Here, performing cortical live imaging using confocal spinning disk microscopy, we discovered that the plasma membrane lipid phosphatidylinositol 4,5-bisphosphate (PtdIns(4,5)P2; PIP2) forms polarized dynamic structures at the cell membrane of C. elegans zygotes, which distribute in a PAR-dependent manner along the AP embryonic axis. PIP2 cortical structures overlap with filamentous actin (F-actin), and coincide with the actin regulators RHO-1, CDC-42 as well as ECT-2. Particle image velocimetry analysis revealed that PIP2 and F-actin cortical movements are coupled, with PIP2 structures moving slightly ahead of polymerizing F-actin bundles. Importantly, we established that the formation of PIP2 cortical structure depends on F-actin and their movement on actin polymerization. Conversely, we found that decreasing or increasing the level of PIP2 results in severe F-actin disorganization, revealing interdependence between these components. Moreover, increasing or decreasing the levels of PIP2 revealed that the formation of CDC-42 and RHO-1 cortical structures depends on PIP2, while PIP2 structures formation is mostly independent of RHO-1 and CDC-42. Further-more, we uncovered that PIP2 and F-actin regulate the sizing of PAR cortical domains during the establishment and maintenance phases of polarization. Overall, our work establishes that a lipid membrane component, PIP2, modulates actin organization and cell polarity in C. elegans embryos.

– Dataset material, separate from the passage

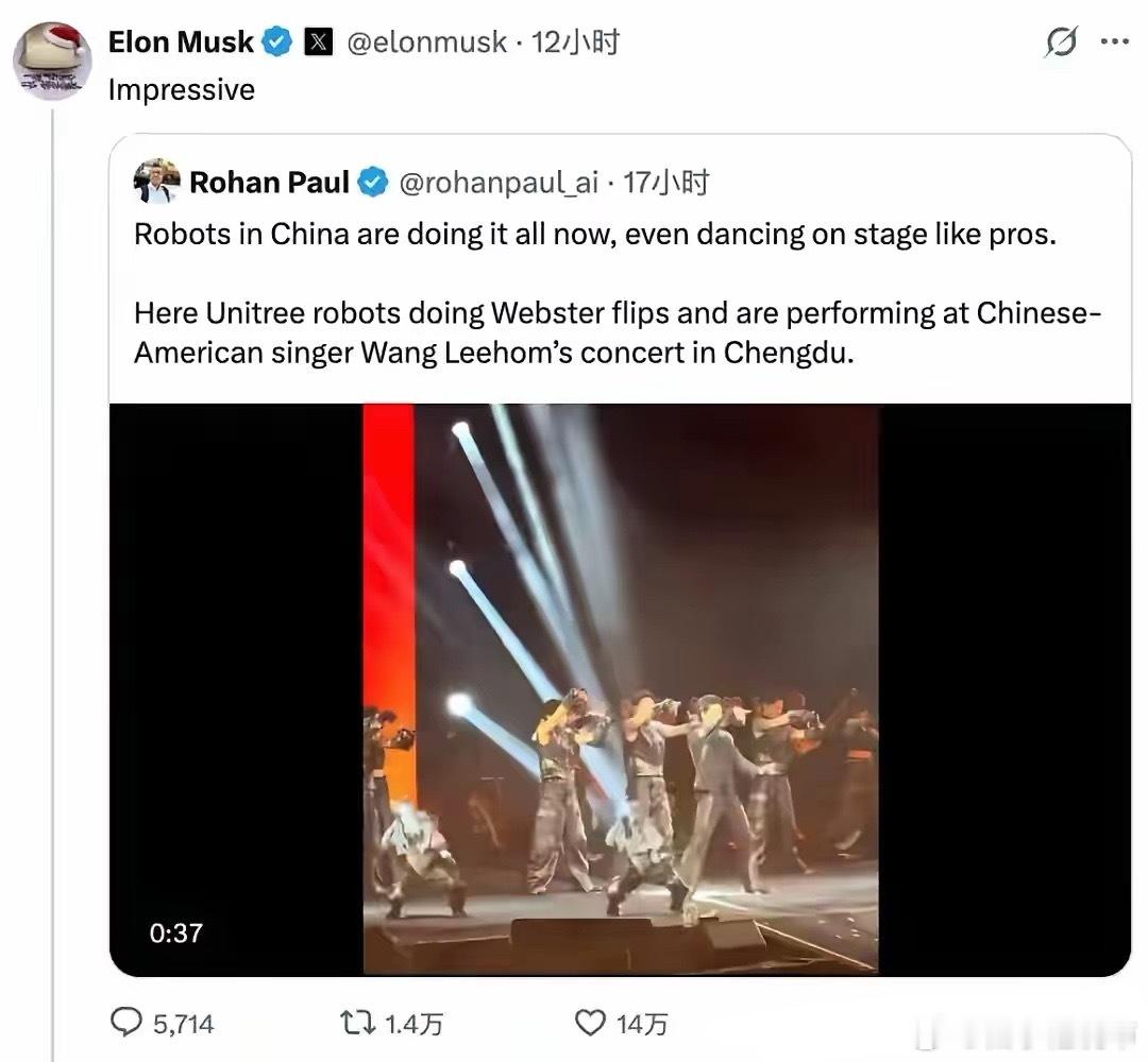 人形机器人迎多重利好,明天能否起飞?利好1、王力宏演唱会上出现了6台宇树人形机器人伴舞并完成了高难度的后空翻动作,这一消息在网上引起广泛讨论。不仅如此,马斯克居然也关注到了该视频,他在转发该视频的时候并评论称:“Impressive(令人印象深刻)!过年的时候宇树机器人尚需要搀扶,年底的时候居然已经能跳舞并完成高难度动作,国内人形机器人的发展不可谓不快!利好2、中国俱乐部自主设计制造的机器人参加了阿联酋阿布扎比举办的格斗机器人大赛并获得了冠军!格斗机器人大赛夺冠无疑证明了国内机器人水平已经是国际领先了!另一方面,人形机器人板块已经调整较长时间,多数个股已较前期高点下跌20%以上,调整幅度还是比较深的,有一定的反弹需求!不过人形机器人明天究竟能否起飞还要看市场能否买账,各位股民还是谨慎参与!

Furthermore, we found that the force generation mediators GPR-1 and LIN-5, as well as the negative force regulators CSNK-1 and GPB-1, distribute in cortical structures. While CSNK-1 and GPB-1 form elongated cortical structures during pseudo-cleavage overlapping with PIP2 cortical structures, GPR-1 and LIN-5 form mostly cortical foci not overlapping with GPB-1 and PIP2 cortical structures. The formation of GPB-1 cortical structures is independent of GPR-1 and vice versa. However, the formation and localization of GPB-1 cortical structures depends on PIP2. Overexpressing GPR-1 increases the formation of GPR-1 cortical structures and PIP2/GPB-1 cortical structures, which overlap in large part. CSNK-1 regulates PPK-1 localization to the embryo posterior and is required for the formation of PIP2 cortical structures on the anterior side.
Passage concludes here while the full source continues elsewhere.